India has the unique opportunity to become the global leader in Web3 and has started to see some very interesting Web 3 startups emerge, but it needs to get the regulatory and legal frameworks in place, said Rajan Anandan, managing director, Sequoia Capital at the Hindustan Times Leadership Summit (HTLS) 2021 on Friday.
Web3 stands for a decentralized version of the Internet that runs on peer-to-peer technologies such as a public blockchain. The latter is a decentralised, distributed ledger and the underlying technology for cryptocurrencies.
Anandan said he was delighted by the government’s decision to not ban cryptos and come up with a legal regulatory framework instead. However, he reiterated that crypto is just one small part of web3.
“Web3 is very, very important, whether it's NFTs (non-fungible tokens), gaming, or Defi (distributed finance). The kind of innovation that we're seeing in Defi is extraordinary,” he added.
In the second half of 2021, Sequoia Capital India made 19 investments in Web 3 startups, said Anandan.
He also pointed out that a lot of entrepreneurs from India, China, Korea, Japan, the US, the UK and Australia are moving to Singapore because Singapore has a regulatory and legal framework for Web3.
Rajan added that the startup ecosystem in India is no longer only about e-commerce, fintech, mobility, SaaS (software as a service), or dev tools.
“Over the next five years, we are going to see a dozen unicorns in agri-tech, we are probably going to see at least a dozen unicorns in digital health. We are going to see two or three dozen unicorns in ed-tech. In fintech, we're going to have 100 unicorns,” he added.
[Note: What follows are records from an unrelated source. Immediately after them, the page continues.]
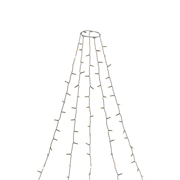 Konstsmide 6486-870 on valosarja joulukuuselle (180 cm), jossa on 5x30 amber-väristä huurrettua LEDiä. Vihreä johto, 14V/IP20.
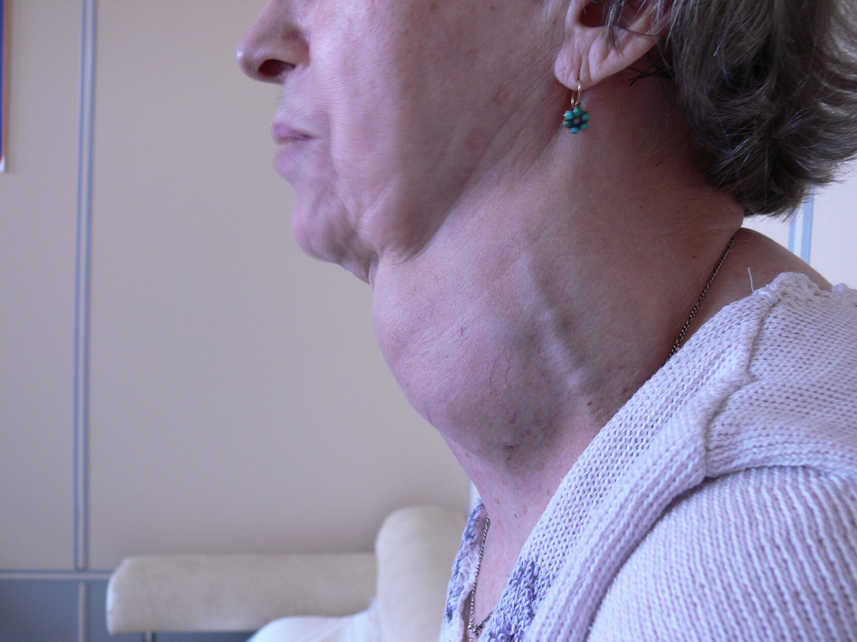 В плановом порядке выполнено оперативное вмешательство - тиреоидэктомия (полное удаление щитовидной железы). Пациентка выписана на 2-е сутки после операции в удовлетворительном состоянии. После операции жалобы на затруднение при глотании и дыхании прошли.
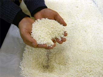 | 4 蒸米・放冷 | 吸水した白米を蒸気で過熱して蒸し、よく冷まします。適度な固さがあり、表面がべたついていない、ぱらっとした出来上がりになっているのが良い蒸米の条件です。 | ||||||
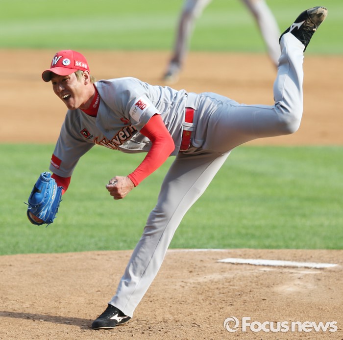 (서울=포커스뉴스) 5일 서울 잠실구장에서 열린 2016프로야구 SK-두산 경기에서 1회말 SK 선발투수 김광현이 투구하고 있다.
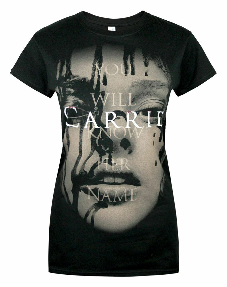 This ladies Official Carrie women’s t-shirt features the iconic main character Carrie White from the Stephen King film adaption of Carrie. Made from 100% cotton and machine washable at 30c this women’s t-shirt has both comfort and fun. Offering the classic crew neck and short sleeves style, this ladies t-shirt is made with a fashionable slim or skinny fit in mind. This ladies black Carrie t-shirt features the iconic movie poster print from the 2013 re-make, a cool addition to any movie fan’s t-shirt collection.
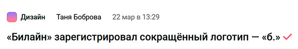 Сокращенный логотип - так сокращенный логотип, считает Дима. Как говорится, "за связь без б."... Но, конечно, интересно, чем ответят "МТС" и "Мегафон". Им, конечно, надо срочно регистрировать логотип "м.", но вот кто из них успеет первый - еще вопрос!
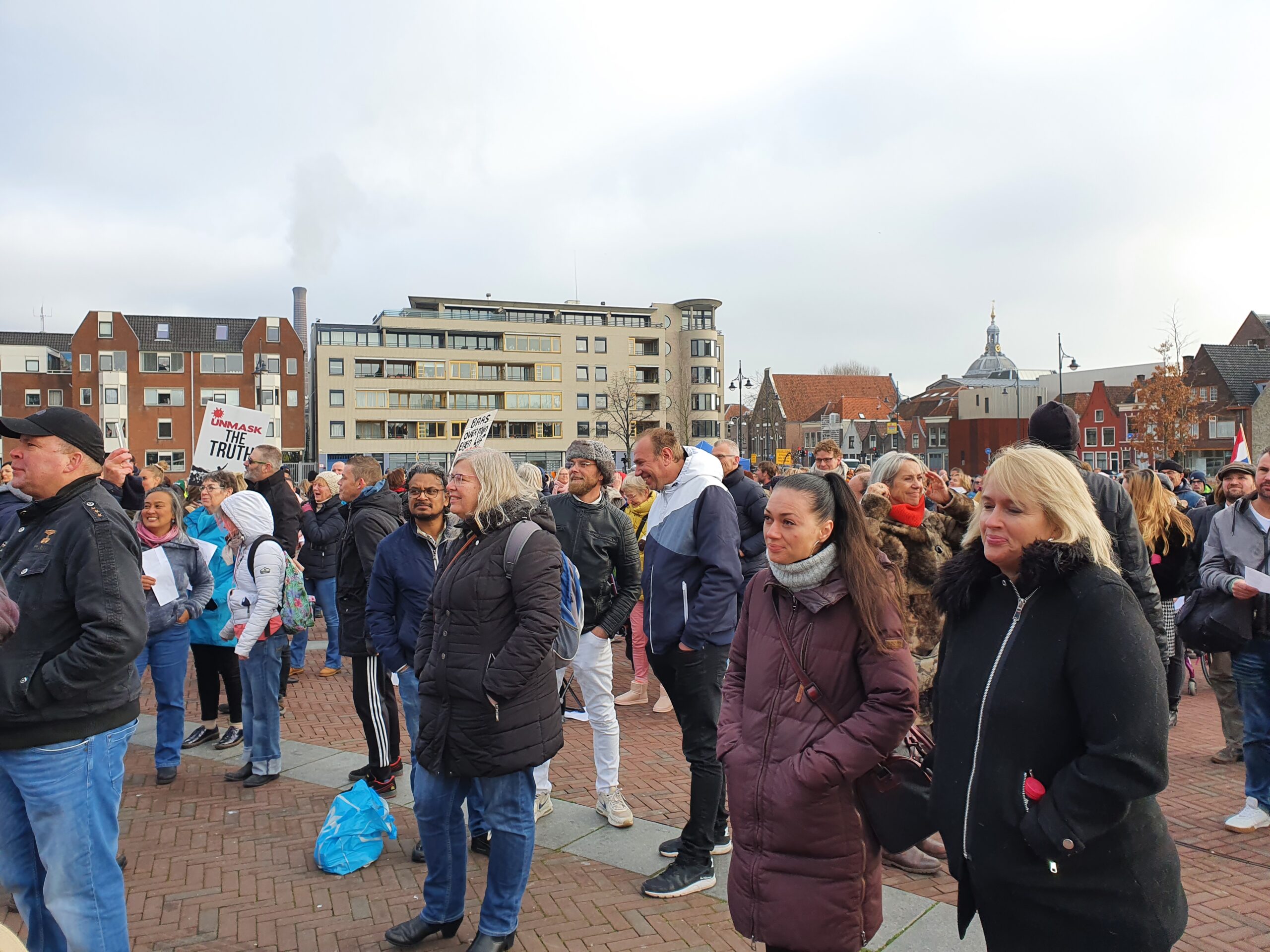 “Vanaf dinsdag leven we in een ‘medische dictatuur’.” De uitspraken die vanaf het podium op de Lammermarkt worden gedaan, liegen er niet om. Het plein wordt deze zondagmiddag ingenomen door circa driehonderd demonstranten die zijn afgekomen op de oproep van de organisatie ‘Voor Vrijheid’ van Frank Ruesink. Zijn beweging roept op tegen het zogenaamd verplicht vaccineren tegen corona en ook tegen de anderhalvemetersamenleving.
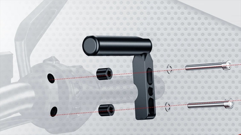 - 2本のボルトによってマスターシリンダーと一体化した支柱で、クランプバーが支えられることになる。このため、ガッチリと固定されるのでスマホホルダが走行中に振動し難い
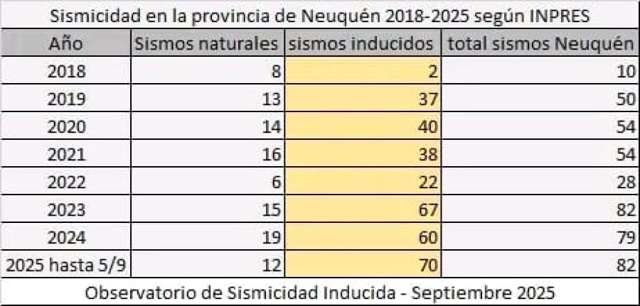 El Observatorio de Sismicidad Inducida informó que la provincia de Neuquén alcanzó un récord histórico de sismos vinculados a la industria hidrocarburífera en lo que va del año 2025. Según datos registrados por el INPRES, ya se contabilizan 82 eventos sísmicos, de los cuales 70 están asociados al fracking y solo 12 responden a mecanismos naturales. De esta forma, se supera la marca de 67, del año 2023, que hasta ahora había registrado la mayor cantidad de sismos inducidos.
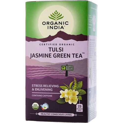 Чай Organic India Tulsi Jasmine, успокаивающий, зеленый, 25 пакетиков
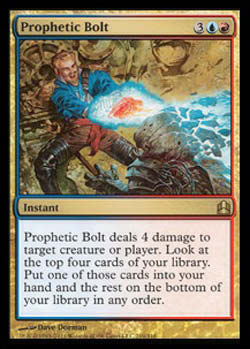 | Nome em Inglês: | Prophetic Bolt | | Nome em Português: | Sem nome em Português | | Custo de Mana: |    | | Tipo: | Mágica Instantânea | | Texto: | Prophetic Bolt causa 4 pontos de dano à criatura ou ao jogador alvo. Olhe os quatro cards do topo de seu grimório. Coloque um daqueles cards em sua mão e o restante no fundo de seu grimório em qualquer ordem. | | Série: |  | | Outras: | | | Raridade: | Raro | | Card: | 219 |
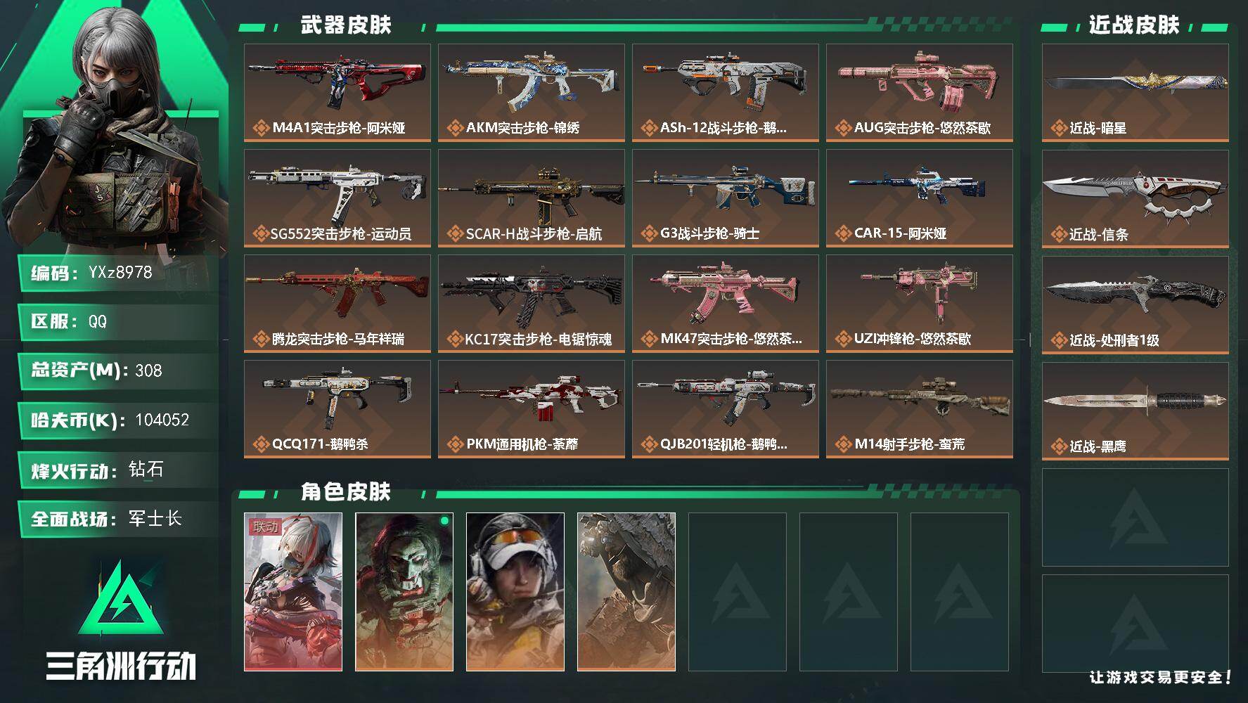 烽火段位黑鹰3 战场段位军士长1 总资产478.3M 哈夫币5505W
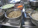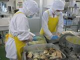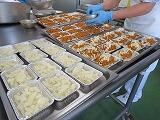 今日のメインのおかずは「肉じゃが」です。700食分ほどを作るのに約50Kgのじゃが芋と20Kgのぶた肉を使いました。それでも「もっと食べたい」とみんなが好きなメニューですね。今日のふりかけにはみそ汁のだしをとった後の「かつお節」と「こんぶ」を使い、ちりめんじゃことごまを加えて作った栄養たっぷりのふりかけです。ごはんは柏市のお米で、食が進みました。
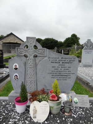Treasured Memories ofA Loving Husband & FatherPATRICK BENNETTArdaghDied 22ND March 2001Aged 45 YearsAlso His Beautiful WifeA Loving Mother & GrandmotherEILEEN BENNETTDied 24th November 2006Aged 50 Years
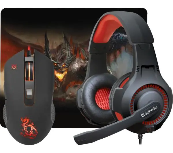 Słuchawki przewodowe z mikrofonem Defender Devourer MHP-006 zestaw dla graczy: myszka słuchawki i podkładka Nauszne Czarny
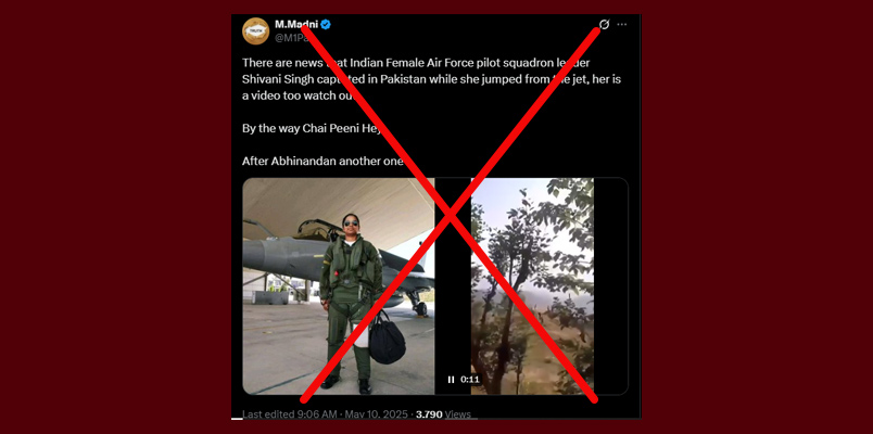 ഇന്ത്യന് വ്യോമസേനയിലെ വനിതാ പൈലറ്റായ ശിവാനി സിംഗിനെ പാകിസ്ഥാന് പിടികൂടിയെന്നാണ് ഒരു വീഡിയോ സഹിതം പാക് അനുകൂല എക്സ് ഹാന്ഡിലുകളുടെ അവകാശവാദം. ഈ വാദത്തോടെയുള്ള ഒരു ട്വീറ്റിന്റെ സ്ക്രീന്ഷോട്ട് ചുവടെ ചേര്ക്കുന്നു.
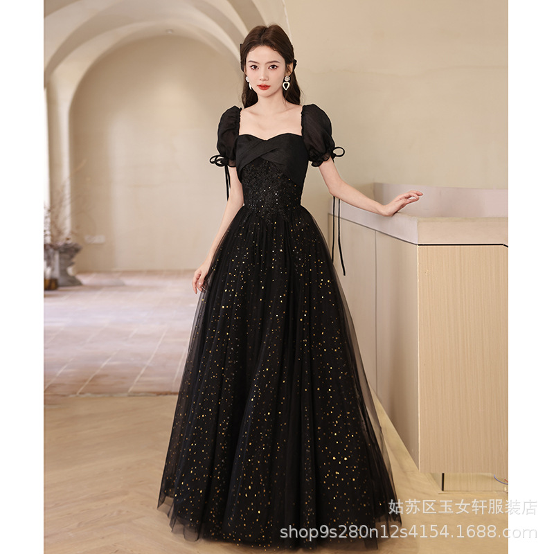 Gaun malam hitam 2024 gaya Perancis kelas atas cahaya mewah niche host high-end seni ujian pertemuan tahunan kilat
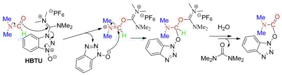 Hexafluorophosphate benzotriazole tetramethyl uronium (HBTU) is a peptide coupling reagent frequently used [69,70,71]. An impurity with an abundance of 0.09% was detected by Badalassi and co-workers in the Peptide Q API solution obtained from the HBTU-mediated Peptide Q cyclization in DMF [72]. This impurity was identified as being 1H-benzo[d][1–3]triazol-1-yl dimethylcarbamate formed from the addition of DMF to HBTU as depicted in Scheme 21.
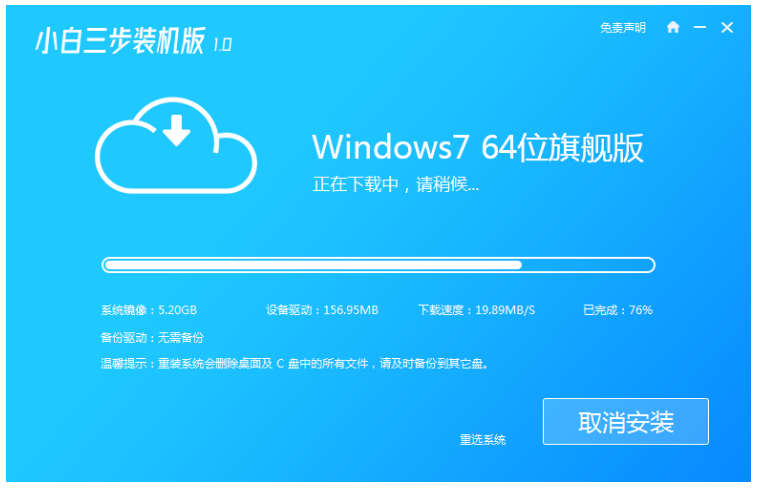 1.先在電腦上下載安裝小白三步安裝軟件,雙擊打開軟件之后選擇win7系統,點擊立即重裝。
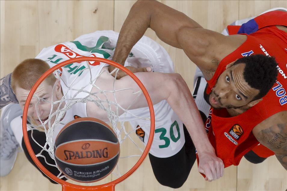 THY Avrupa Ligi'nde CSKA Moskova ile Zalgiris Kaunas takımları Rusya'nın başkenti Moskova'da karşılaştı. Bir pozisyonda CSKA Moskova oyuncusu Joel Bolomboy (sağda), Zalgiris Kaunas oyuncusu Aaron White (solda) ile mücadele etti.
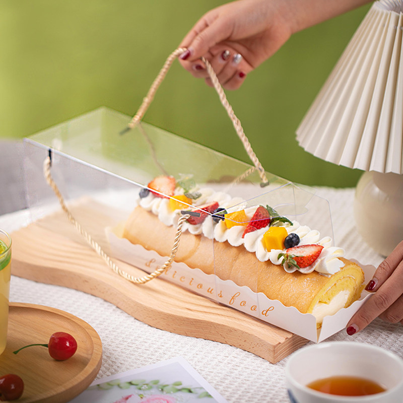 瑞士虎皮梦龙蛋糕卷包装盒整卷半卷手提毛巾卷慕斯蛋糕长条盒子
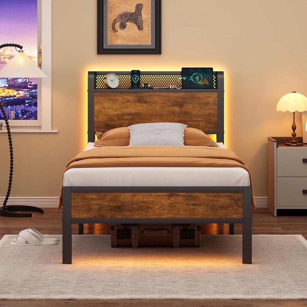 Upgrade your bedroom with the Twin Bed Frame with Charging Station and LED Lights, combining modern design, functionality, and comfort in one stylish piece. This twin-size platform bed features a sturdy combination of rustic wood and strong metal support, ensuring durability and long-lasting performance without the need for a box spring. Built-in LED lights along the headboard create a cozy, ambient glow, perfect for reading, relaxing, or setting a calm mood. The integrated charging station with USB ports keeps your devices powered overnight, eliminating clutter from cords and chargers. Heavy-duty construction supports weight evenly, providing a safe and stable sleep surface. The noise-free design ensures peaceful, undisturbed rest every night. Storage-friendly headboard adds extra functionality, perfect for keeping books, alarm clocks, or personal items within easy reach. The modern rustic finish adds character and style to any bedroom décor. Easy assembly with clear instructions allows you to set up your bed quickly and efficiently. The platform design eliminates the need for a box spring, saving money and simplifying your bedroom setup. LED lights are energy-efficient, long-lasting, and adjustable to create the perfect atmosphere. Ideal for kids, teens, or guest bedrooms where style and functionality matter. USB ports make it convenient to charge phones, tablets, or e-readers without additional adapters. Sleek design combines practicality with aesthetic appeal, enhancing any room’s ambiance. Strong metal frame ensures safety and durability for daily use. Ample under-bed clearance provides storage options for bins, shoes, or other essentials. Perfect for modern bedrooms, dorms, apartments, or small spaces requiring multifunctional furniture. Combines comfort, technology, and convenience in a single, stylish bed frame. Ideal for anyone seeking a practical yet stylish solution for sleep, storage, and device charging. Overall, the Twin Bed Frame with Charging Station and LED Lights delivers durability, modern features, and convenience for a complete bedroom upgrade.

Anandan also expressed surprise at the number of Initial public offering (IPO) by tech startups in India. However, he also cautioned that going public is just one of the milestones in the journey to building an enduring company. “The beyond part is pretty important. Because to be a truly enduring company, the real question is what's going to happen next 5 years from now,” he added.
He urged startups to be very careful with their spending. “It's important to keep in mind that funding has cycles. We are definitely at the high part of the cycle right now, but cycles turn. We're going to go through a period where it's not going to be like this at all. It's going to be very difficult to raise capital and valuations are going to get adjusted."
According to Rajan, public market investors have very different expectations of how companies should perform. “I think if founders can raise capital, they should do so, but they should be very prudent about how they spend it over the next few years,” he added.